Source data
== Segment start ==

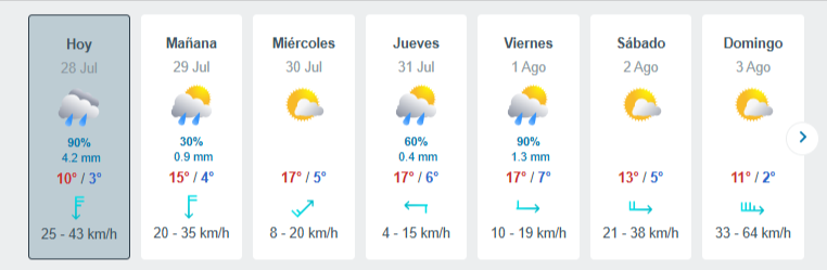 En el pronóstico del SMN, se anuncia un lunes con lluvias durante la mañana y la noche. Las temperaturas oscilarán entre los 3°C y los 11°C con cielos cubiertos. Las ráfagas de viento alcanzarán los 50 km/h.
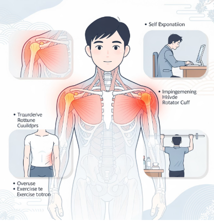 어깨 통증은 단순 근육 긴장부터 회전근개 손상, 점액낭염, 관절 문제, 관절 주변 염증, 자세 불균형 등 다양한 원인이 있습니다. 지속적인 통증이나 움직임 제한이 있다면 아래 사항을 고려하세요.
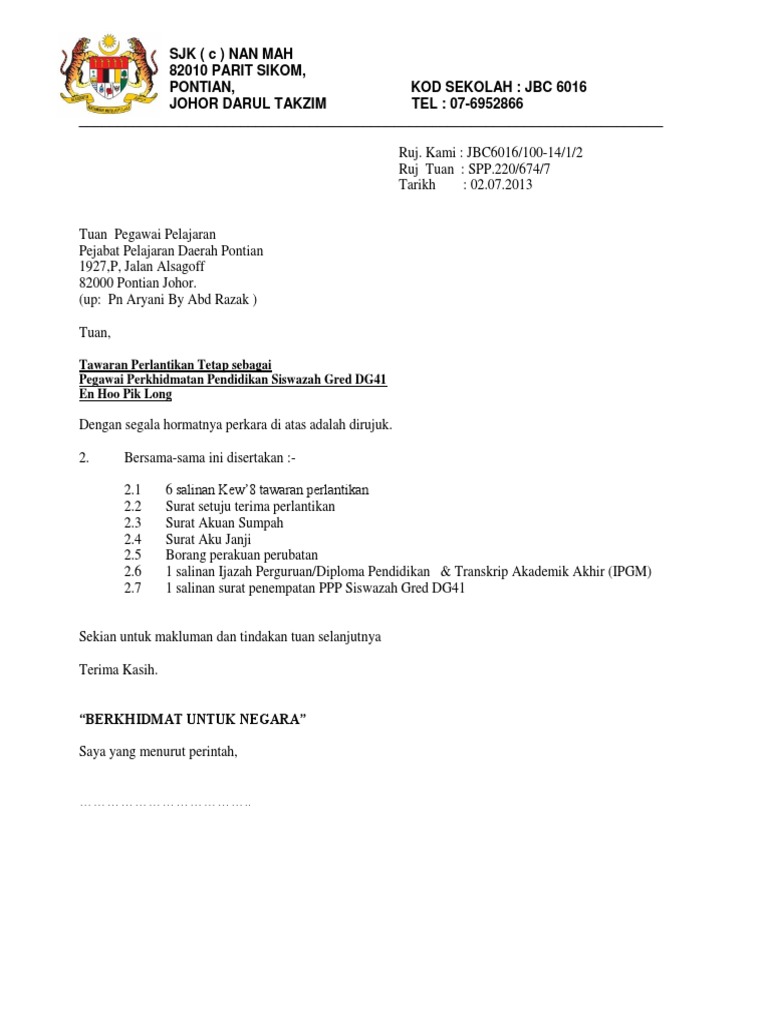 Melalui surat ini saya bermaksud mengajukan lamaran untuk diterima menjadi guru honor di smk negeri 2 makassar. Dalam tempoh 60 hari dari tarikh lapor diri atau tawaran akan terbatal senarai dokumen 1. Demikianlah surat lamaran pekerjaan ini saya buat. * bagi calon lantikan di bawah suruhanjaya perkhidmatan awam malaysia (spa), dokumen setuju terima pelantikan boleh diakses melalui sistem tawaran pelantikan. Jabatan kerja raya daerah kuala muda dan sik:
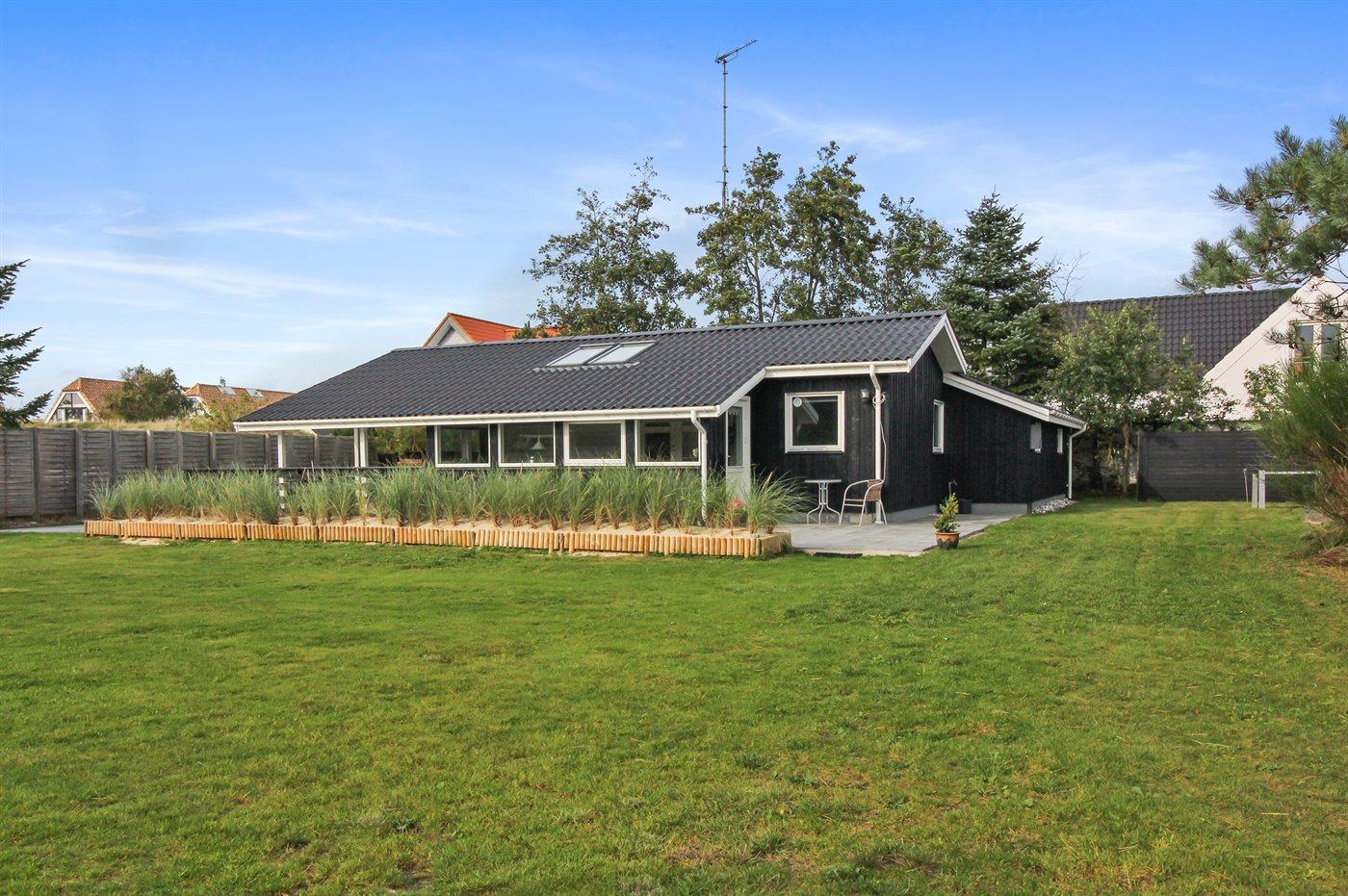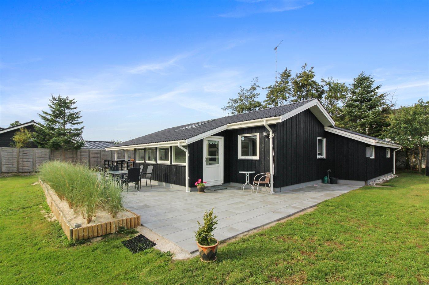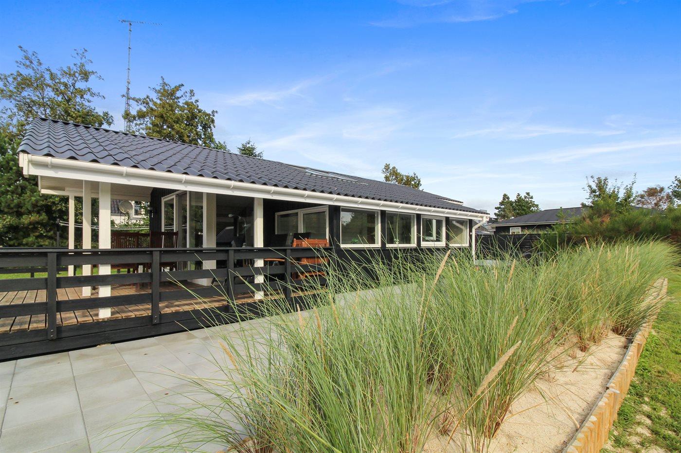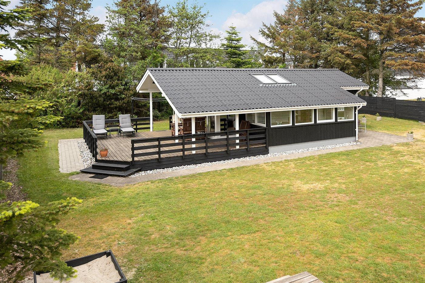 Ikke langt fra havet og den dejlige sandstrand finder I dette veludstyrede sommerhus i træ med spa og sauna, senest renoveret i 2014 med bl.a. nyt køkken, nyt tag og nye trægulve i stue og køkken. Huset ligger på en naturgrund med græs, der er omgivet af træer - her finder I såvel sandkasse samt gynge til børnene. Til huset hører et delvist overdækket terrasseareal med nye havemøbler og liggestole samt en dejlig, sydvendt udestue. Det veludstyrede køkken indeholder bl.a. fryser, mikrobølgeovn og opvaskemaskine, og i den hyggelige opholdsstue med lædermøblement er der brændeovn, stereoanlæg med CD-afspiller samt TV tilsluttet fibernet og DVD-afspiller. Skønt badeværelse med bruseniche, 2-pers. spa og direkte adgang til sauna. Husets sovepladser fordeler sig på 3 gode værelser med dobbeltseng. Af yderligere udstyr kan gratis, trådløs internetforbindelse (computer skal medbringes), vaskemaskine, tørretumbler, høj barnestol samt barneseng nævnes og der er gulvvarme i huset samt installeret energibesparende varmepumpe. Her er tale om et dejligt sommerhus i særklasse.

== Segment end ==
== Segment start ==

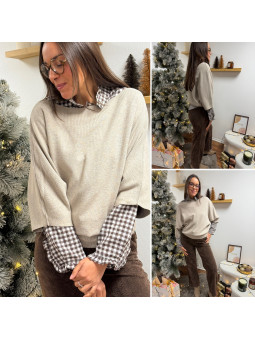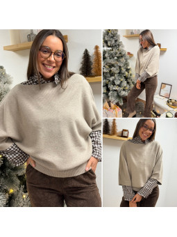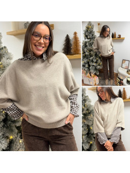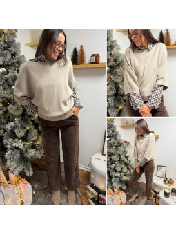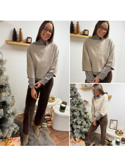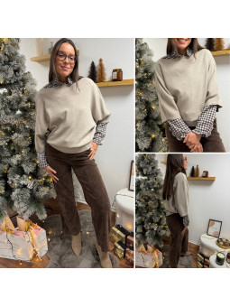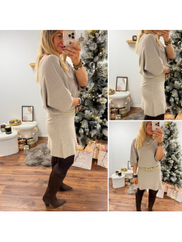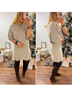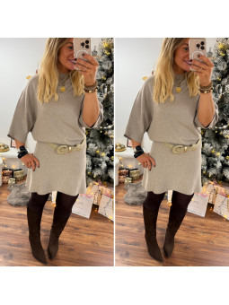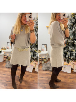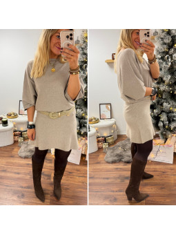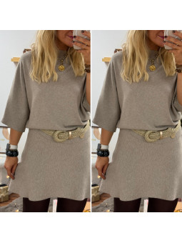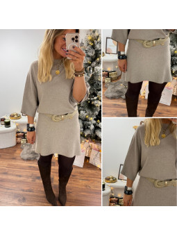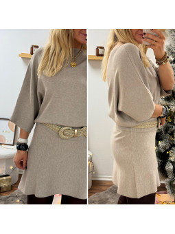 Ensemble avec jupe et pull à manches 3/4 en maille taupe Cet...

== Segment end ==

Instructions to follow
Above are records; write out the lines from the one with "En el pronóstico" down to the one with "Melalui surat ini", exactly, leaving the pictures out.

Your response
 En el pronóstico del SMN, se anuncia un lunes con lluvias durante la mañana y la noche. Las temperaturas oscilarán entre los 3°C y los 11°C con cielos cubiertos. Las ráfagas de viento alcanzarán los 50 km/h.
 어깨 통증은 단순 근육 긴장부터 회전근개 손상, 점액낭염, 관절 문제, 관절 주변 염증, 자세 불균형 등 다양한 원인이 있습니다. 지속적인 통증이나 움직임 제한이 있다면 아래 사항을 고려하세요.
 Melalui surat ini saya bermaksud mengajukan lamaran untuk diterima menjadi guru honor di smk negeri 2 makassar. Dalam tempoh 60 hari dari tarikh lapor diri atau tawaran akan terbatal senarai dokumen 1. Demikianlah surat lamaran pekerjaan ini saya buat. * bagi calon lantikan di bawah suruhanjaya perkhidmatan awam malaysia (spa), dokumen setuju terima pelantikan boleh diakses melalui sistem tawaran pelantikan. Jabatan kerja raya daerah kuala muda dan sik:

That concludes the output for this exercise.